The connection between content and tools to manipulate content: Since digital content is dynamic it can be modified during the whole pedagogical process, from formalisation by a teacher-author to manipulation by a learner-reader. Digital properties thus provide the manipulation tools (e.g. tools for answering, reformulating) along with the contents themselves in a single integrated digital media. This integration is particularly interesting in a knowledge-sharing environment, since the process of learning involves not only reading, but also production activities (rewriting, reformulating, synthesising, answering, annotating, broadening, etc.) [Stiegler 1994]. A part of our R&D program is to imagine and then implement various tools that allow production activities within a variety of contexts. For example, we developed and implemented “Interaction Sheets” (IS), as an extension of “Style Sheets” (SS). Whereas SS allow content to be published alongside particular layouts which make correct reading possible, IS allows the publication of content together with a suitable layout for reading and provides the tools for content manipulation [Crozat & al. 2002].
Our hypothesis is that reference knowledge is one of the foundations of learning. Reference knowledge is materialised as physical content. In order that a community of knowledge can be built on a set of contents, the contents must be understood as the materialisation of invariants of knowledge presented in an intelligible layout. This allows content to be read and appropriated collectively by the ‘knowledge community’.
Digital document engineering allows the invariants of content to be modelled using logical forms (such as XML). The intelligibility of content must be theorised from a global point of view, which should include activities based around the content (and not only around reading). The dynamic property of digital content allows the integration of activities and content within the same media, and therefore contributes to the structuring of the learning community within particular reference points.
A hypothesis of reuse
A definition of reuse
We propose to define the reuse of digital content as a shift of content across three axes: shifts in time, shifts in space, and shifts in pedagogical intention.
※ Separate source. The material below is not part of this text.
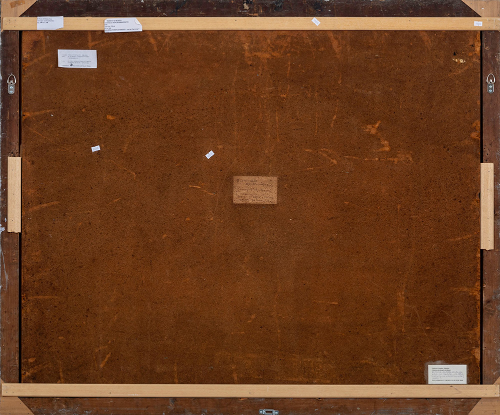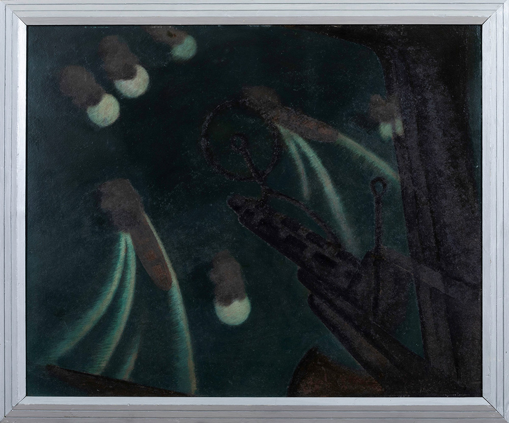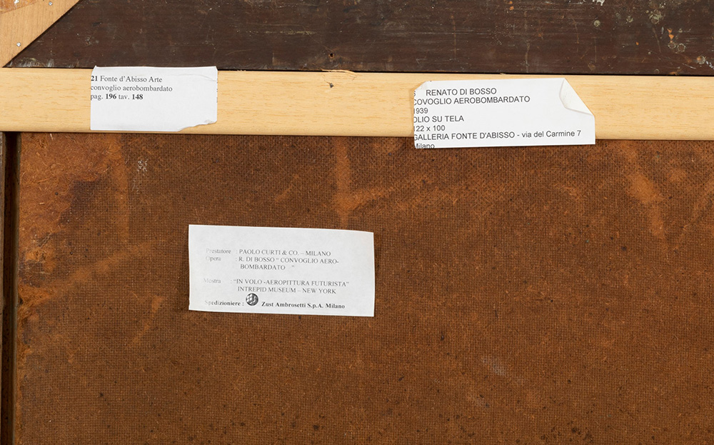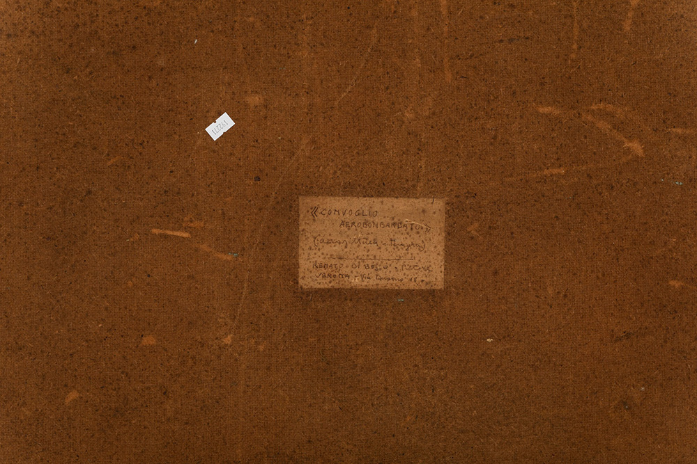 Renato Di Bosso (1905-1982) Convoglio Aerobombardato, 1939 olio su faesite, cm 100x122 Etichetta al retro della Galleria Fonte d’Abisso, Milano L’opera presenta segni lungo i margini, dovuti alla cornice e ritocchi

Shifts in time refer to evolution of content (maintenance, enhancement, etc.). Content should never be understood as static, since it is the starting point for reference knowledge. Knowledge constantly changes, either because invariants do change (through the scientific refutation of prior knowledge), or because the ways in which invariants are presented change (pedagogy is not a formal science). The less expensive it is to reuse content over time, the more durable that content is.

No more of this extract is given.